Simulations Aren’t Crystal Balls
While Monte Carlo simulations are powerful, they’re not predictions. They rely on assumptions (like volatility) and historical data that may not reflect future conditions. Markets are unpredictable, and black swan events (rare, unexpected shocks) can throw even the best models off course.
Think of simulations as a flashlight in a dark room. They help you navigate, but they don’t show the entire picture.
Why This Matters to You
Risk management is the cornerstone of successful investing. By understanding worst-case scenarios, you can:
- Align your investments with your financial goals.
- Avoid emotional decision-making during market downturns.
- Build a portfolio that lets you sleep soundly at night.
Monte Carlo simulations offer a practical, visual way to grasp risk.
Final Thoughts: So, How Much Risk Is Too Much?
There’s no universal answer.

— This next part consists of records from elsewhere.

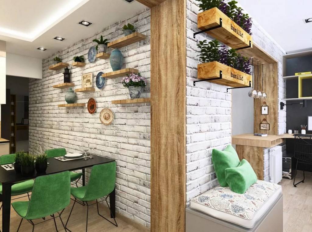 В рабочей зоне можно установить более практичные износостойкие материалы (керамическая плитка, водоустойчивый ламинат). А вот в зоне отдыха можно расположить более красивую, хоть и менее износостойкую отделку (ковролин, обои и т.д.). Различие оттенков, фактур при правильном подходе пойдет на пользу интерьеру.
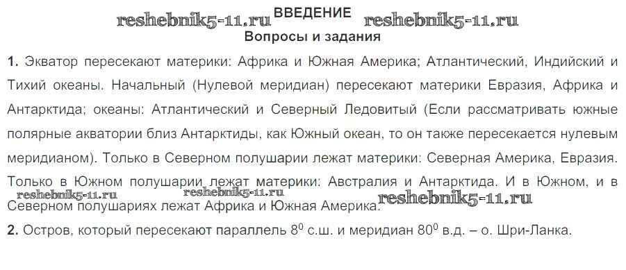Готовая домашняя работа с ответами по Географии за 7 класс Коринская, Душина, Щенев Учебник Дрофа 2017 ФГОС - Параграфы Введение
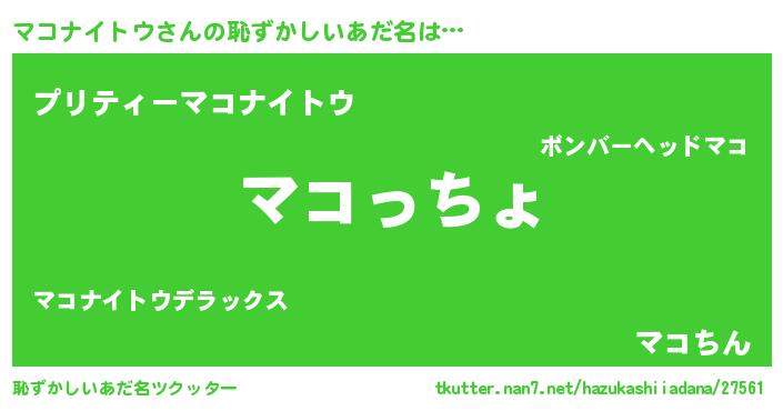 | 欧米人風あだ名 | 『マコナイトウクリステル』 |
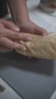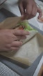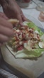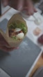 Hands carefully roll a tortilla wrap filled with sliced eggs, crispy chicken, fresh lettuce, and sauce, tightly wrapping it in brown parchment paper for serving. - 4K stock video
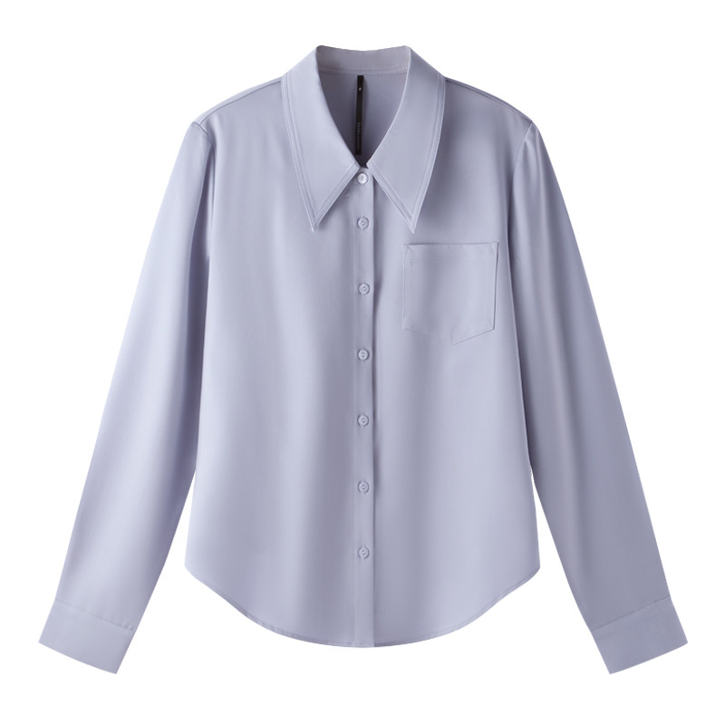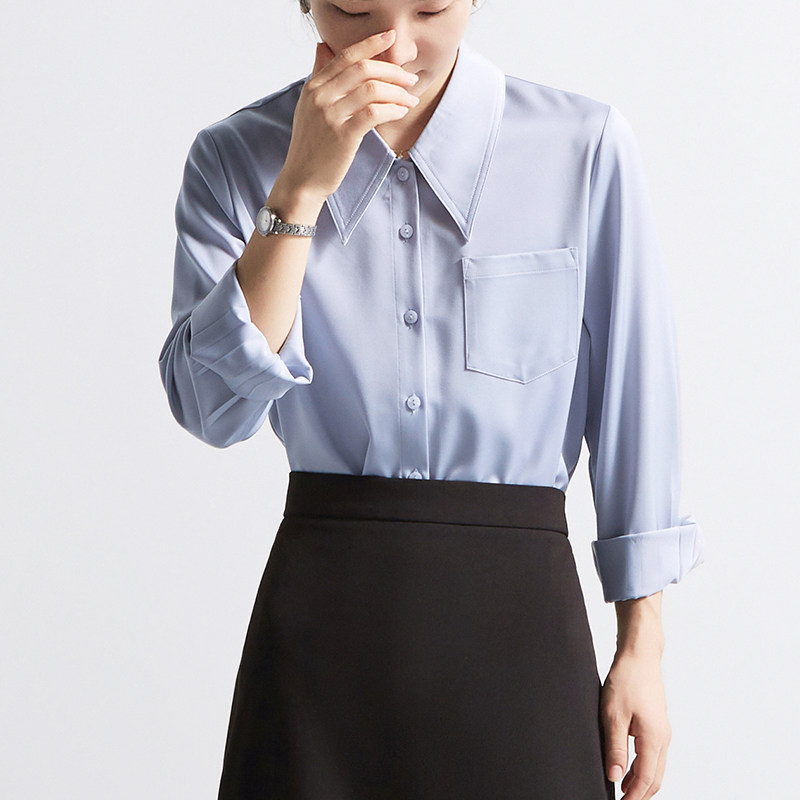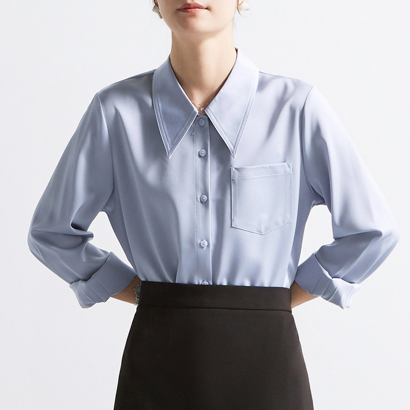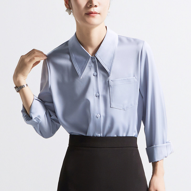 气质通勤OL尖领垂感春秋面试衬衣女 女长袖 CHICBLISS 缎面蓝色衬衫
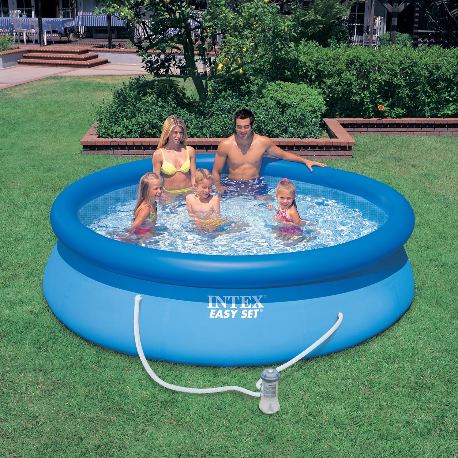 Высота, вместимость и форма емкости различны, можно подобрать бассейн по потребностям. Если позволяет площадь участка, то можно приобрести бассейн для одновременного купания всей семьи. Для маленького участка также есть подходящие компактные модели. Очистка воды производится с помощью насоса, который входит в комплект.

Your ideal risk level depends on your financial goals, time horizon, and personality. Monte Carlo simulations won’t eliminate risk, but they provide clarity—and clarity leads to confidence.
So, grab a cup of coffee, fire up the app, and explore. The more you understand your Risk Floor, the better equipped you’ll be to make decisions that align with your unique financial journey.